Issues on reproducing the result on VQA-RAD
Kelvinz-89757 opened this issue · 2 comments
Thanks for the excellent work!
The issue is that when I used the checkpoint LLaVA-Med++ (VQA-RAD) to do inference on the VQA-RAD dataset, I followed the code provided as follow:
cd MedTrinity-25M
bash ./scripts/med/llava3_med_eval_batch_vqa_rad.sh
I get the result like this:
Metric Performance (%)
--------------------- -----------------
Exact Match Score 36.3222
F1 Score 33.741
Precision 36.3222
Recall 32.7501
BLEU Score 0.088399
BLEU Score (Weight 1) 30.4938
BLEU Score (Weight 2) 6.31218
BLEU Score (Weight 3) 5.47034
yes/no accuracy 72.0588
Closed F1 Score 72.0588
Closed Precision 71.875
Closed Recall 72.4265
In the paper you have:
For the result in the paper, I would like to know if ‘open’ and ‘closed’ correspond to their respective accuracies?
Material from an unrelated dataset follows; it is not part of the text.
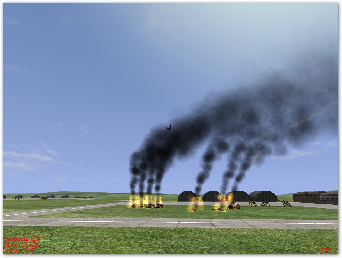 Вот ещё бы сделать дымы от пажара самолётов сносящиеся также как пыль при взлёте - назад... от воздушного потока винта =) Тогда будет совсем всё шикарна =)
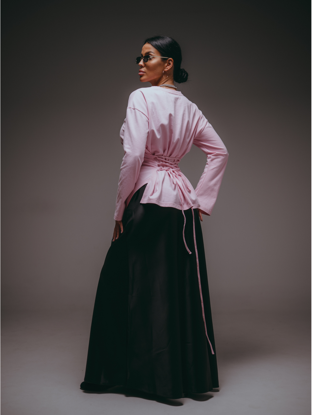 Лонгслив приталенного силуэта со шнуровкой из окантовки на спинке,

Another thing is that my results above don’t seem to reproduce the expected outcomes. Could you advise where I might have gone wrong? And to which metric above does ‘open’ should correspond?
Looking forward to you reply! Thank you.
Hi Kangyu,
Thank you for your feedback and for testing our model. To clarify, 'Closed' in the paper refers to yes/no accuracy for closed-set questions, while 'Open' refers to recall for open-set questions. This aligns with LLaVA-Med metrics. We will update this in the readme.
I apologize for the discrepancy in results. I'll re-run the inference on the VQA-RAD dataset to investigate and will update you with findings and guidance.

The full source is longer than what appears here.